Adding another line of code to the API call above, geometry = TRUE, also downloads the corresponding shapefiles for the data. The example below also includes shift_geo = TRUE, which resizes and relocates Alaksa and Hawaii to fit closer to the contiguous states for mapping purposes.

# Load tmap library
p_load(tmap)    # For creating categorical maps with tmap 

# Download state populations with shapefile
state_populations_shapefile <- get_acs(geography = "state",
                                       variables = "DP05_0001",
                                       year = 2020,
                                       geometry = TRUE,
                                       shift_geo = TRUE) %>%
  rename(POPULATION = estimate) %>%
  select(GEOID, NAME, POPULATION)

# Plot statewide populations
tm_shape(state_populations_shapefile) +
  tm_fill(title = "Statewide Population (2020)",
          col = "POPULATION",
          style = "cont",
          palette = "viridis",
          alpha = 0.7,
          n = 10) +
  tm_shape(state_populations_shapefile) +
  tm_borders(col = "white") +
  tm_layout(frame = FALSE,
            legend.outside = TRUE)

Use FIPS Codes to Limit Selection

Using the FIPS codes from above, this map can be limited easily to just the 48 contiguous states. This is also how a user could use the FIPS code dataset to limit which states are selected with any of the tidycensus API call functions.

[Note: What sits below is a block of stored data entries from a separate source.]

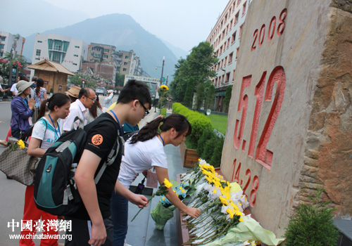 參訪團(tuán)一行為北川地震遇難同胞敬獻(xiàn)鮮花寄托哀思。(圖片來源:綿陽市臺辦)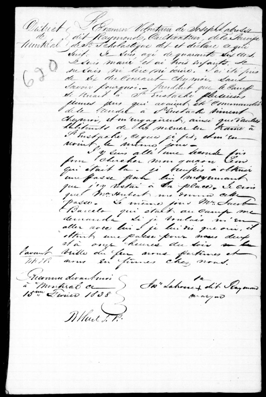Examen de Joseph Labrosse dit Raymond, de Sainte-Scholastique
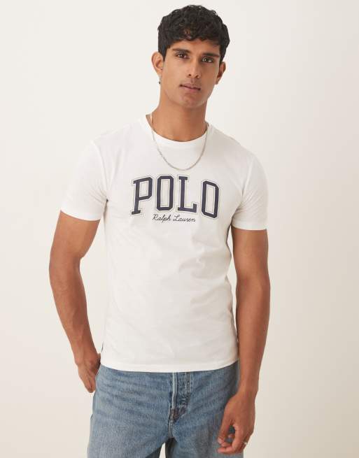 Polo Ralph Lauren – T-Shirt in Weiß mit College-Logo-Schriftzug

# Create list of contiguous states
states <- unlist(state_fips %>%
                   filter(!state %in% c("AK", "HI")) %>%
                   select(state))

# Download population and shapefiles for contiguous states only
contiguous_populations_shapefile <- get_acs(geography = "state",
                                            state =  states,
                                            variables = "DP05_0001",
                                            year = 2020,
                                            geometry = TRUE)  %>%
  rename(POPULATION = estimate) %>%
  select(GEOID, NAME, POPULATION)

# Plot statewide populations for contiguous states
tm_shape(contiguous_populations_shapefile) +
  tm_fill(title = "Statewide Population (2020)",
          col = "POPULATION",
          style = "cont",
          palette = "viridis",
          alpha = 0.7,
          n = 10) +
  tm_shape(contiguous_populations_shapefile) +
  tm_borders(col = "white") +
  tm_layout(frame = FALSE,
            legend.outside = TRUE)



HUD Crosswalk Files

The US Department of Housing and Urban Development’s (HUD) Office of Policy Development and Research puts out ZIP code crosswalk data for each quarter year. These crosswalks allow for easy linking between ZIP codes and census tracts, counties, Core Based Statistical Areas (CBSA), and congressional districts.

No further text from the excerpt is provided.